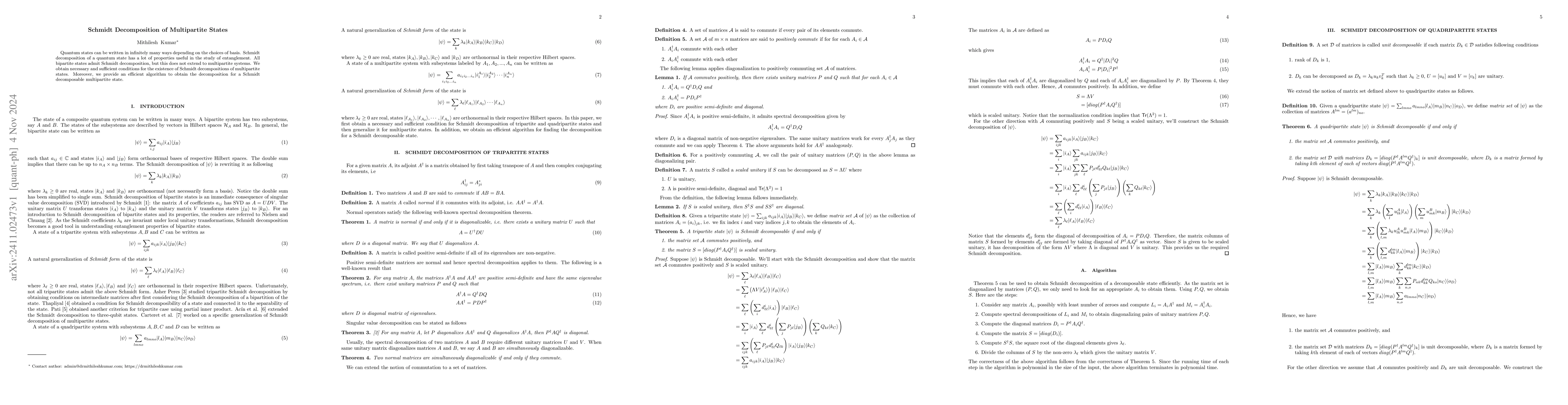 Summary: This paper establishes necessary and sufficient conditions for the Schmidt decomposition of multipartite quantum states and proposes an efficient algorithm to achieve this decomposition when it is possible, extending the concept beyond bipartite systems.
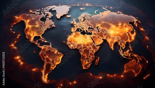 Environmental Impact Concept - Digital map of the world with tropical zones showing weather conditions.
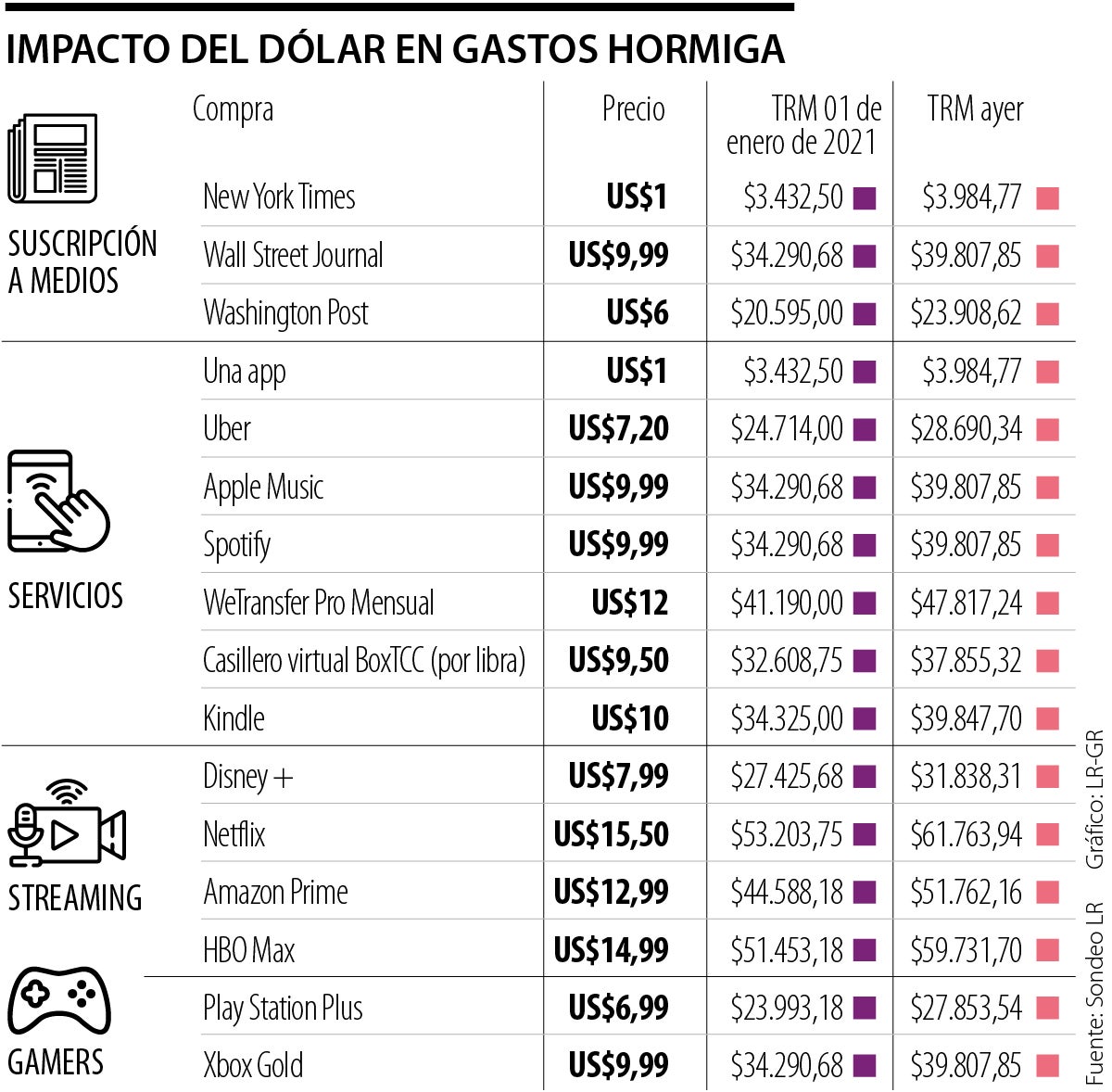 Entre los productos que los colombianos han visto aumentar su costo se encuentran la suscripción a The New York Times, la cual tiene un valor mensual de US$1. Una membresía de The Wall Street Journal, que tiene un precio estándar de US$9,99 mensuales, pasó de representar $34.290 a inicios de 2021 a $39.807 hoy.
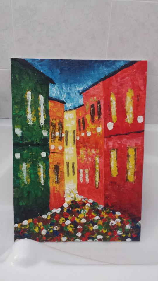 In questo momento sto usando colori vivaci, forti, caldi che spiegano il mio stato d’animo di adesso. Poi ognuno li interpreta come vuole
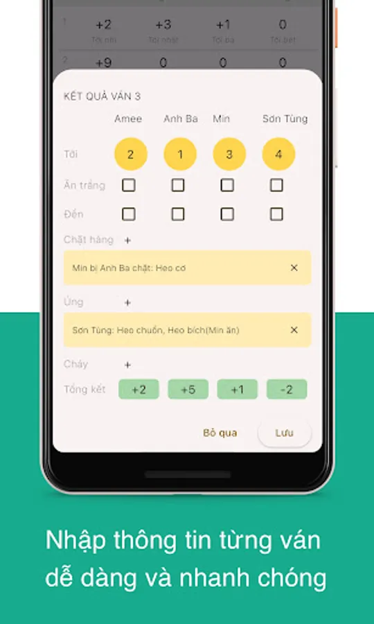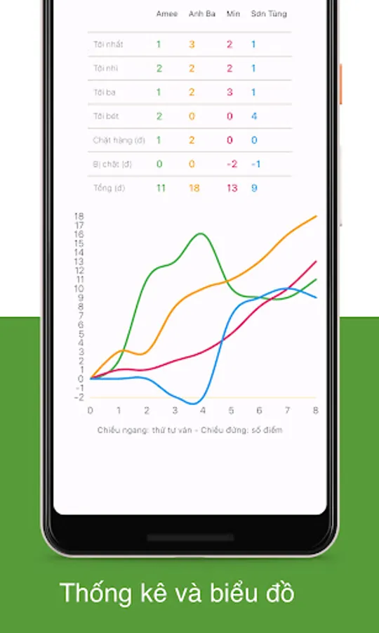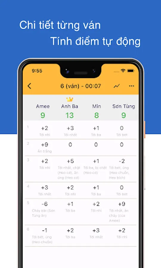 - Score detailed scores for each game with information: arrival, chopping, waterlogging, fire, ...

------------------------------------------------

__What you have to do__: All lines after and including the one with "Entre los productos", through the end of the entries above, should be output exactly and by themselves. The pictures are to be left out.

__Your response__:
 Entre los productos que los colombianos han visto aumentar su costo se encuentran la suscripción a The New York Times, la cual tiene un valor mensual de US$1. Una membresía de The Wall Street Journal, que tiene un precio estándar de US$9,99 mensuales, pasó de representar $34.290 a inicios de 2021 a $39.807 hoy.
 In questo momento sto usando colori vivaci, forti, caldi che spiegano il mio stato d’animo di adesso. Poi ognuno li interpreta come vuole
 - Score detailed scores for each game with information: arrival, chopping, waterlogging, fire, ...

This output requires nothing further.